Stress has an important impact on various metabolic pathways. Under stress conditions, the following metabolic characteristics are often observed; high metabolic rate, increased catabolism, and reduced anabolic metabolism, resulting in a negative balance in overall metabolism. In this study, 37 children were under acute stress after surgery or disease. Chen Weiqiang et al. observed that stress induced the loss of Zn from the body, whereas Zn supplementation exerted protective effects. In this study, after supplementing I, we observed that valine, leucine, isoleucine degradation, taurine and hypotaurine metabolism, arginine and proline metabolism, and other amino acid metabolism were all reduced, suggesting a benefit to disease recovery. Equally, ketone metabolism was also reduced, suggesting the high metabolic rate had been relieved. Of these components, β-oxidation of very long chain fatty acids, pentose phosphate metabolism, ketone body metabolism, citric acid cycle and pyruvate metabolism were all significantly reduced in Group B. These factors were related to energy metabolism[21, 22], indicating that appropriate high-dose administration of I was helpful in relieving stress induced elevated metabolism.

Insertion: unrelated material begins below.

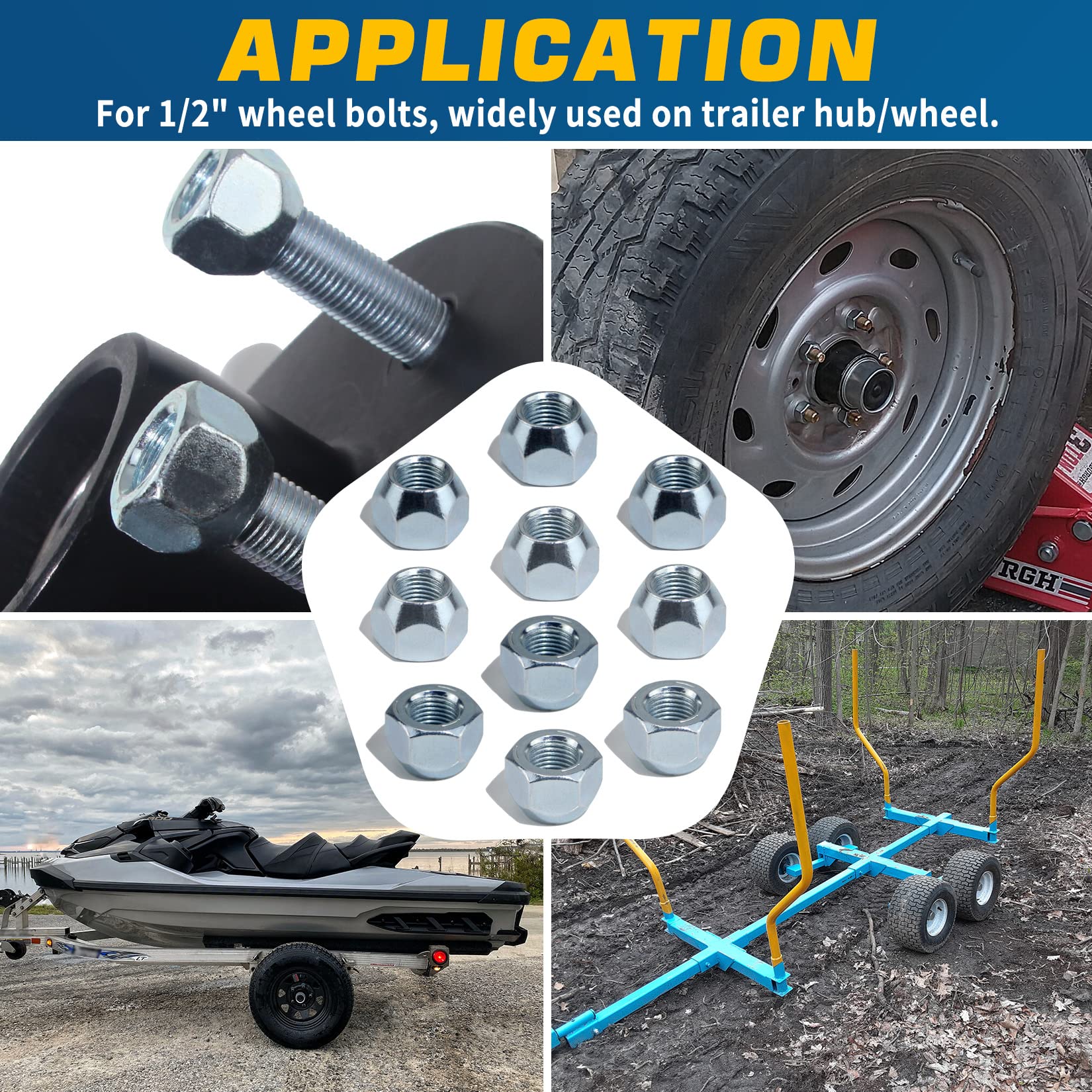 【FIT】For 1/2" wheel bolts, widely used on trailer hub/wheel. Package includes 10PCS trailer lug nuts, sufficient quantity will meet your daily use and replacement need.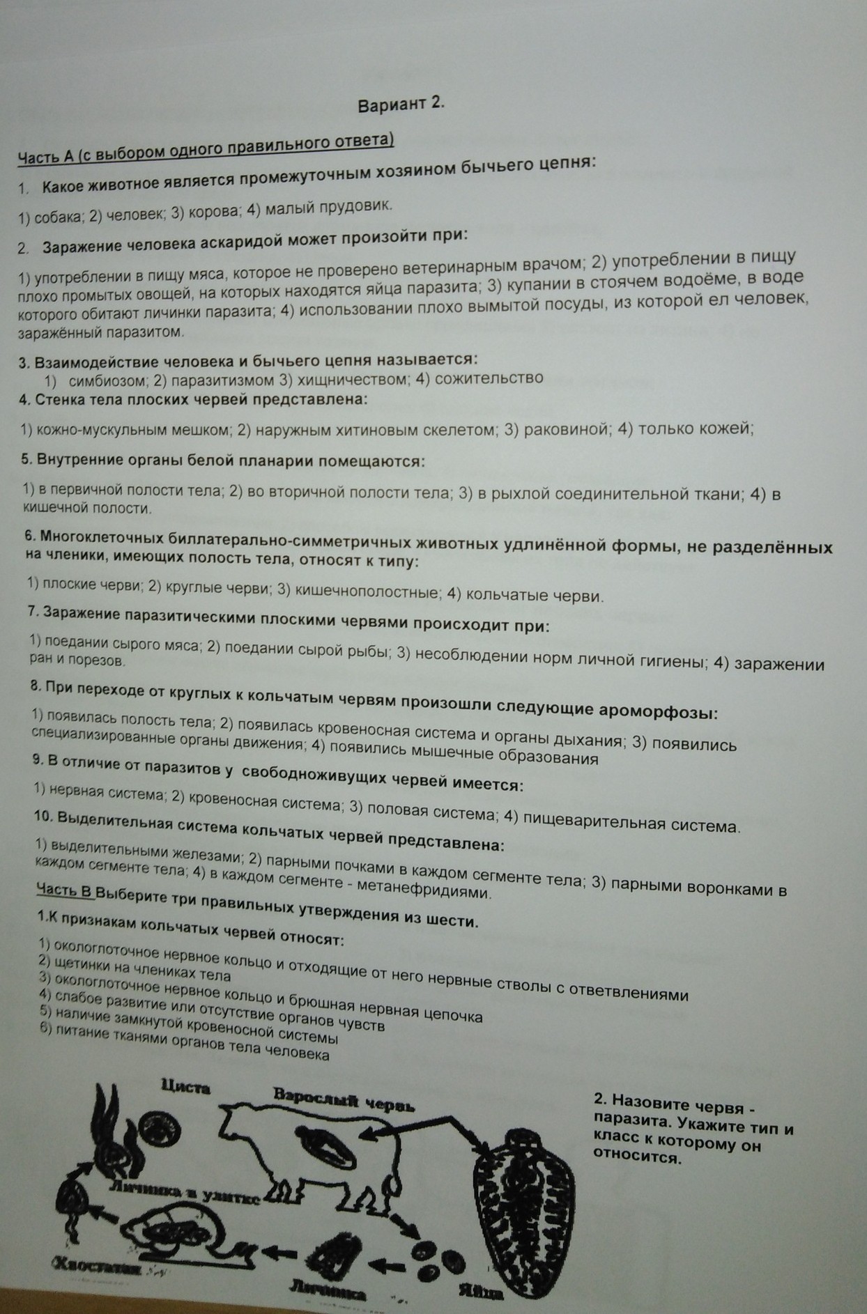 2) Паразит: Бычий цепень

Hypoxia is a basic pathological process implicated in several diseases. Severe hypoxia induces considerable cellular harm, and often leads to death. Kim et al.observed that Zn ameliorated hypoxic neuronal death induced by deferoxamine (DFX) and sodium azide (NaN3). Xinge et al. reported that Zn chelating agents had protective effects towards hypoxic ischemic brain damage in zebrafish. Kun et al. proposed that exogenous Zn had protective effects towards hypoxic neurons. Hypoxanthine is a naturally occurring purine derivative and is the major catabolite of adenosine triphosphate (ATP) in hypoxic or ischemic tissue. In general terms, a large increase in hypoxanthine levels in bodily fluids indicates ATP depletion . In a trial of subjects with critical illness, burns and burn-induced sepsis , the evidence suggested that elevated ATP associated degradation products i.e., adenosine, inosine, hypoxanthine, and xanthine were associated with tissue hypo-perfusion and hypoxia levels. Therefore, it was suggested that purine metabolites such as xanthine and hypoxanthine are potential markers of tissue hypoxia. In our study, the administration of I in Group B significantly increased plasma Zn levels. In our metabolomics study, we observed that purine metabolism in Group B was significantly reduced, and related metabolites were similarly reduced, indicating that appropriate high-dose administration of MTEI-(I) improved hypoxic conditions in these subjects.